Andrew Naylor

Personal information
- Born: 12 August 1965 (age 60) Nottingham, England
- Height: 1.80 m (5 ft 11 in)

Figure skating career
- Country: Great Britain
- Partner: Cheryl Peake Maxine Hague
- Retired: 1992

= Andrew Naylor =

British pair skater

Andrew Naylor (born 12 August 1965) is a British former pair skater. With his skating partner, Cheryl Peake, he became a six-time British national champion. The pair finished 12th at the 1988 Winter Olympics in Calgary, Alberta, Canada. Other notable results for the pair included fifth-place finishes at the European Figure Skating Championships in 1987 and 1989, and a ninth place at the 1987 World Championships.
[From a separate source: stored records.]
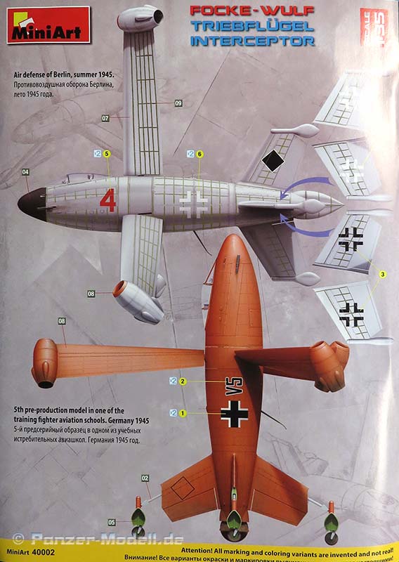 Am Ende sind weitere farbig gedruckte Bemalungsoptionen für den Triebflügel vorhanden.
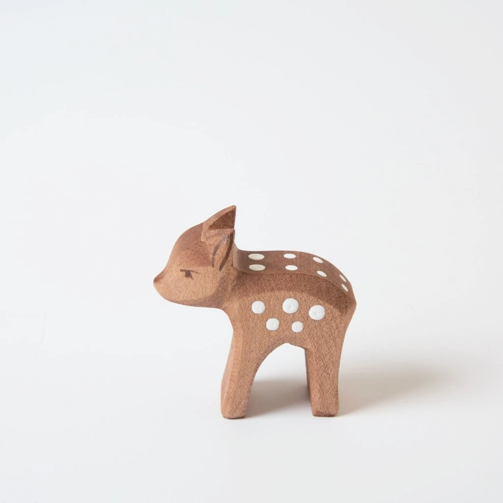 Handcrafted wooden fawn with small head held high – part of the Ostheimer woodland animals collection.
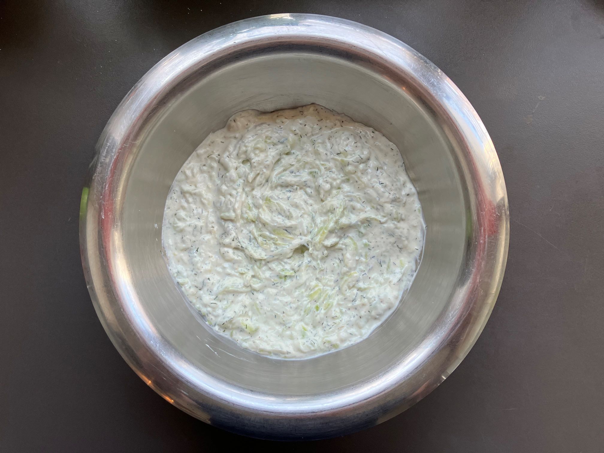 Gurke schälen und mit einer groben Reibe in eine Schüssel raspeln. Etwas salzen und 1 EL Weißweinessig dazugeben und nach 10-15 Minuten Flüssigkeit abgießen und Gurken mit einem Passiertuch auspressen.
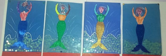 deniz kızı görseli boyanıp kesildi parlak elişi kağıdından kuyruğu, yün iplikten saçları ve pullardan da denizi yaparak çalışma tamamlandı
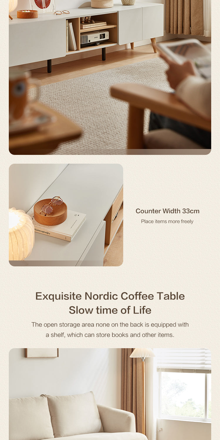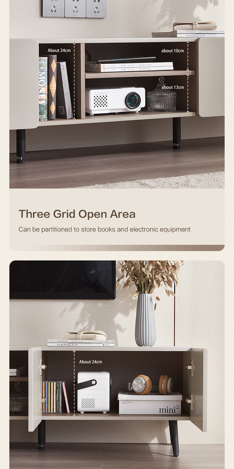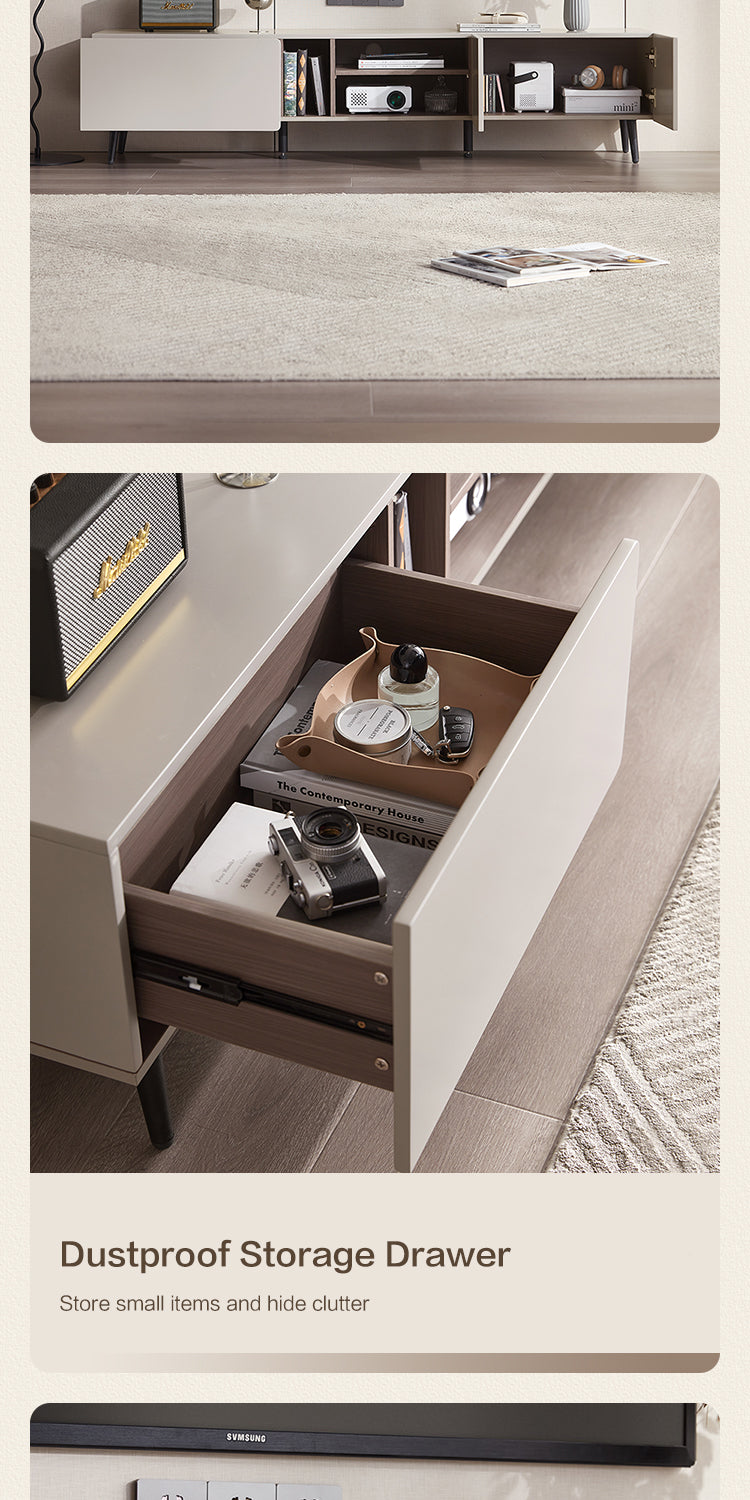 Contemporary TV unit integrates seamless functionality with clean, architectural lines. The off-white facade, accented by natural wood interiors and elevated legs, brings a bright, open feel to any entertainment space. Its thoughtful design includes a cable management hole to keep wires neatly tucked away.
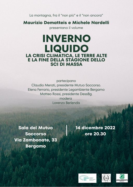 Si inizia giovedì 30 marzo alle ore 20.30 in Sala Frasnelli (sopra la biblioteca) con Michele Nardelli, che presenterà il suo ultimo libro “Inverno liquido. La crisi climatica, le terre alte e la fine della stagione dello sci di massa”, Edizioni DeriveApprodi (coautore Maurizio Dematteis).
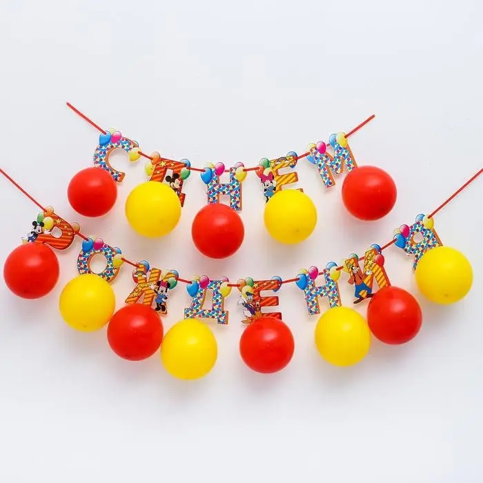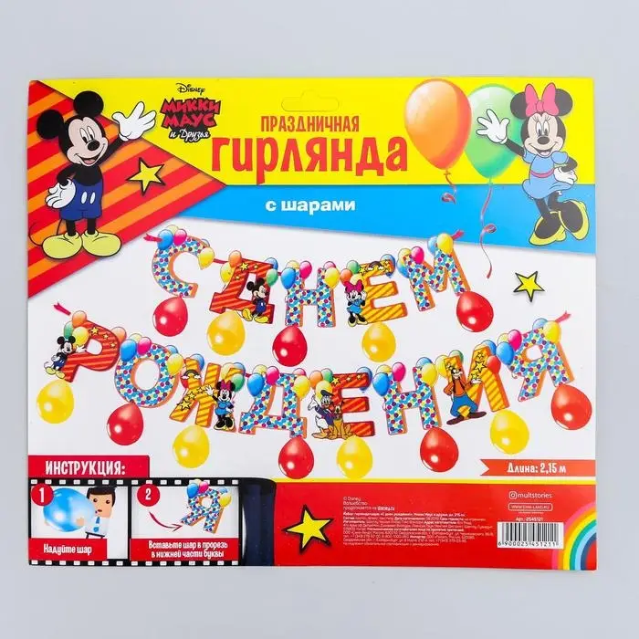 Гирлянда на ленте с воздушными шарами «С Днем Рождения!», длина 215 см, Микки Маус и друзья

Before his partnership with Peake, Naylor competed with Maxine Hague.

== Results ==
=== With Peake ===

International
| Event | 85–86 | 86–87 | 87–88 | 88–89 | 89–90 | 90–91 | 91–92 |
| Winter Olympics |  |  | 12th |  |  |  |  |
| World Champ. | 12th | 9th | 12th | 11th |  | 13th |  |
| European Champ. | 10th | 5th | 8th | 5th | 8th | 8th | 9th |
| Inter. de Paris |  |  |  |  |  | 4th |  |
| Skate America |  | 7th | 9th |  |  | 8th |  |
| Skate Canada |  | 8th | 4th |  |  |  |  |
National
| British Champ. |  | 1st | 1st | 1st | 1st | 1st | 1st |

=== With Hague ===

National
| Event | 1984–85 |
| British Championships | 3rd |

== Post-competitive career ==
Naylor currently coaches at Richard J. Codey Arena. He is also the founder of Edge Skate Shop in West Orange, New Jersey.